I was almost completely well and at home, when I fell mopping my kitchen floor. My husband had demanded I mop, and I ended up breaking my left fibula, which is the weight bearing bone. Because of the MRSA (it will always be in my body now) I couldn’t have pins put in, so I spent 12 weeks on crutches in a cast. My husband said I did this on purpose to get pain medicine!!! I had no job, three kids to take care of, and my husband, his kids, and his buddy had taken over my house and my life, treating me and my kids like crap. One day my dad came over, and bless his soul, put them all out. My dad helped me get by until he died in 2010 . I’ve been trying to get my disability since 2008, to no avail so far. Since my surgery, I gained 100 pounds because of the medications, developed severe fibromyalgia, severe migraines, hypertension, a fast heart rate, swelling in my extremities, and several different forms of arthritis. I have so many stomach problems I can’t list. I already suffered from bipolar disorder and anxiety that intensified, and to top it off, I take 20 different medications a day now.
Last month I graduated from college with a double Associates degree in Office Administration and my divorce was final in 2010. My children are thriving. I have my bad days where I can barely move, but the good days are worth it. I faced death and beat it!
Stephanie
Alabama
Submitted 9-22-2012
The informational content of this article is intended to convey a personal experience and, because every person’s experience is unique, should not be relied upon as a substitute for professional healthcare advice.
This article is intended to convey general educational information and should not be relied upon as a substitute for professional healthcare advice.
I came here to learn about megacolon because I believe that is what I have although I haven’t been diagnosed yet. I am so sorry that you have suffered so much and I applaud you for getting yoir life together.

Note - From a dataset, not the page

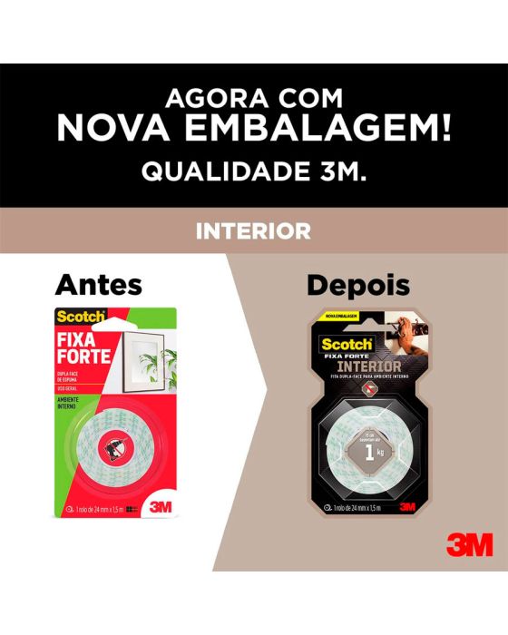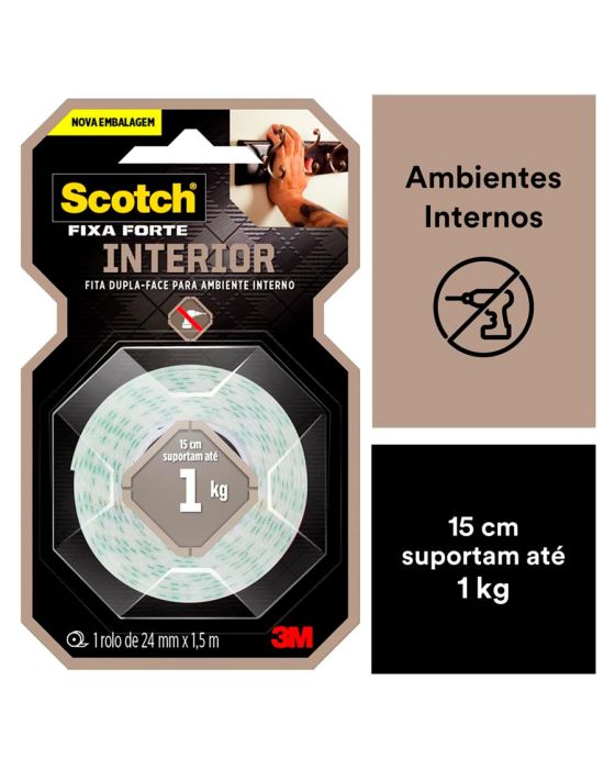 Características:A Fita Dupla Face 3M Scotch® Fixa Forte Interiores (Espuma) é a solução mais prática para fixar canaletas, porta-chaves, quadros, espelhos e peças de decoração, entre outros. Sua aplicação é fácil, evitando furos e sujeira.Detalhes:- Marca: 3M;- Modelo: Fita Dupla Face 3M Scotch® Fixa Forte Interiores;- Referência: HB004750186;- Linha: Fitas dupla face;- Cor: Branca;- Contém: 1 unidade do produto;- Excelente fixação: 15cm suportam até 1kg;- Substitui pregos e parafusos;- Para ambientes internos;- Indicados para objetos permanentes;- Não resiste a solventes e à intempéries;- Aplicação fácil, rápida e segura.Aplicações sugeridas:- Canaletas, Porta chaves, Quadros e Espelhos;- Uso interno.Modo de uso:- As superfícies devem estar limpas, secas e livres de gorduras (ceras, óleos etc);- Aplicar uma quantidade de fita especificada na embalagem;- Aplicar a fita numa das superfícies sem esticar, com pressão para garantir o contato e esperar no mínimo 20 minutos;- Remover o liner protetor e aplicar pressionando contra a outra superfície.Peso Suportado:- Cada 15cm de fita suporta 1kg.Composição:- Liner: Papel tratado com silicone xadrez;- Núcleo: Espuma de polietileno branca;- Adesivo: Acrílico Sintético à base d’água.Medidas:- Dimensões: 1,5cm x 24mm (1,5cm x 2,4cm) (CxL).* Não recomendada para uso em papel de parede ou outras superfícies delicadas ou recém pintadas.* As especificações podem ser alteradas sem aviso prévio ** Imagem meramente ilustrativa

I don’t think I ever want to do bowel surgery. I have a feeling of dread. Thank you for telling your story. Best Wishes..Elaine
Thank you for telling your story, Stephanie. I am glad you are rid of that awful excuse for a husband now and learning to thrive again. I must say, your experience does not give me confidence in doctors or hospitals. I think a lot more research is needed into gut health. I have a friend part of whose gut was removed without him even being told! I think you have a good case for suing… just saying. Hope your future is a healthy and vibrant one.
I hope you do not get on disability. This is the end result of opiate abuse, it’ll ruin your body.